St Andrew's Church is a congregation of the Church of Scotland in Rome, Italy, belonging to the Church's International Presbytery. Services take place every Sunday at 11:00 a.m. in Via XX Settembre, 7 00187 Rome. Rev Tara Curlewis is minister at St Andrew's and Liaison Officer for the Reformed Ecumenical Office in Rome.

== History ==
The congregation began in the early 1860s with a small group of Scots and American Presbyterians who met in the neighbourhood of the Spanish Steps. A first building was opened in 1871 near the Porta Flaminia. The present building, about halfway between the Piazza della Repubblica and the Palazzo del Quirinale, was opened in early 1885.

The Italian military intelligence previously occupied the second and third floors.

== Description ==
Planning permission was granted only on condition that the building should not look like a church from the outside. Thus the architecture is similar to that of the various Italian government ministries on the same street. The building is set back a little from the street, with an enclosed forecourt, and is constructed on four levels. The church itself takes up the whole of the ground floor; above this are offices, a manse, and a broad roof terrace with views over Vatican City.

The interior architecture of the church reflects Presbyterian tradition, with a central pulpit and minimal decoration. Movable pews enable the space to be used flexibly, often for concerts as well as for worship. A memorial to Scottish servicemen lost in the Italian campaign has a prominent position.

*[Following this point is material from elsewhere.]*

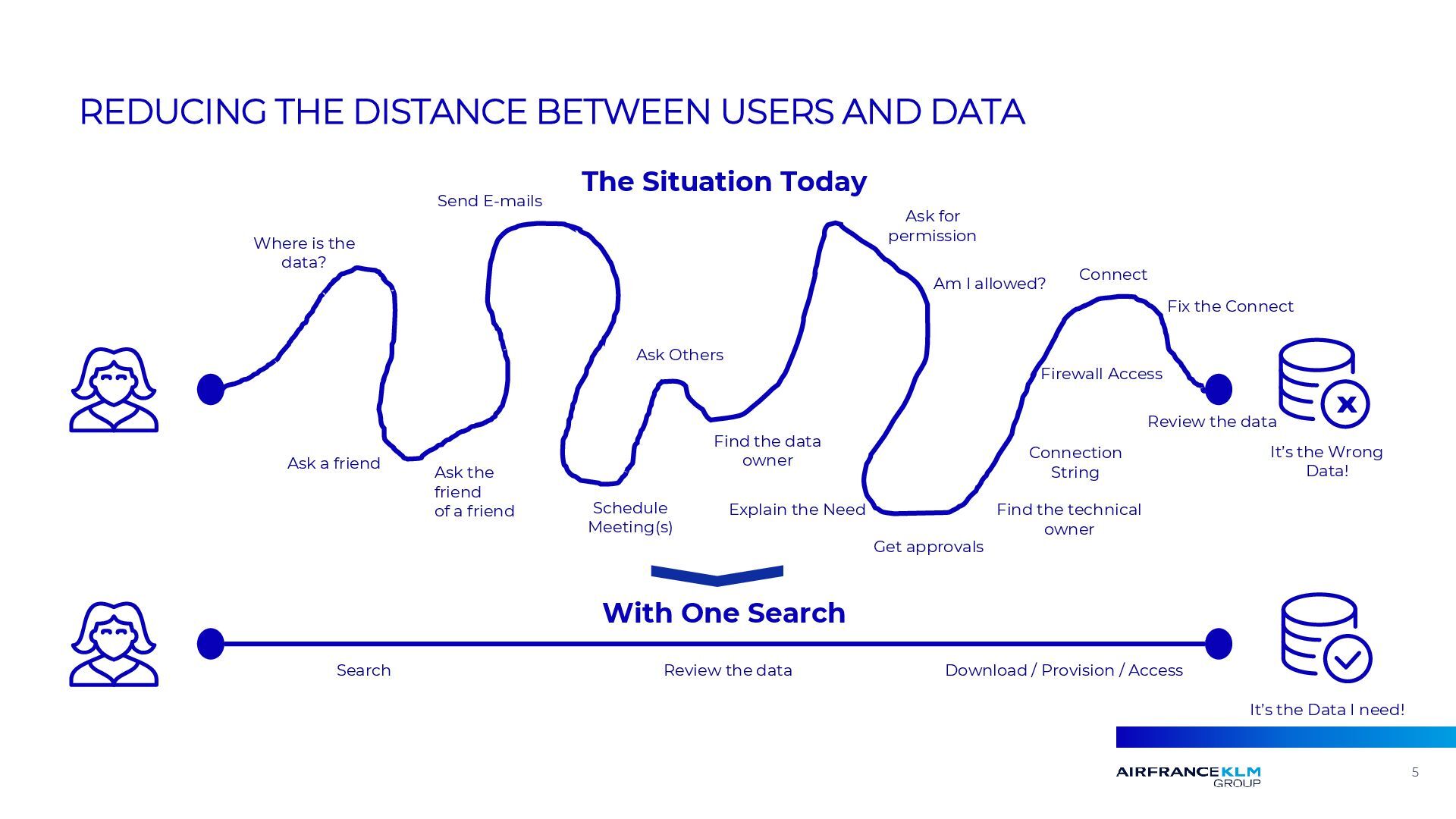 Situation Today With One Search Where is the data? Ask a friend Send E-mails Schedule Meeting(s) Ask Others Find the data owner Ask for permission Get approvals Connection String Firewall Access Connect It’s the Wrong Data! Search Download / Provision / Access It’s the Data I need! Explain the Need Am I allowed? Find the technical owner Fix the Connect Ask the friend of a friend Review the data Review the data

The St Andrew's congregation comes from all over the world. Worship is held in English but many languages are spoken by members. Music and fellowship play an important role in the life of the congregation, which is known for its warm welcome to those living in Rome and to those simply passing through.

==See also==
- Sant'Andrea degli Scozzesi
- List of Church of Scotland parishes
- All Saints' Church, Rome (Anglican)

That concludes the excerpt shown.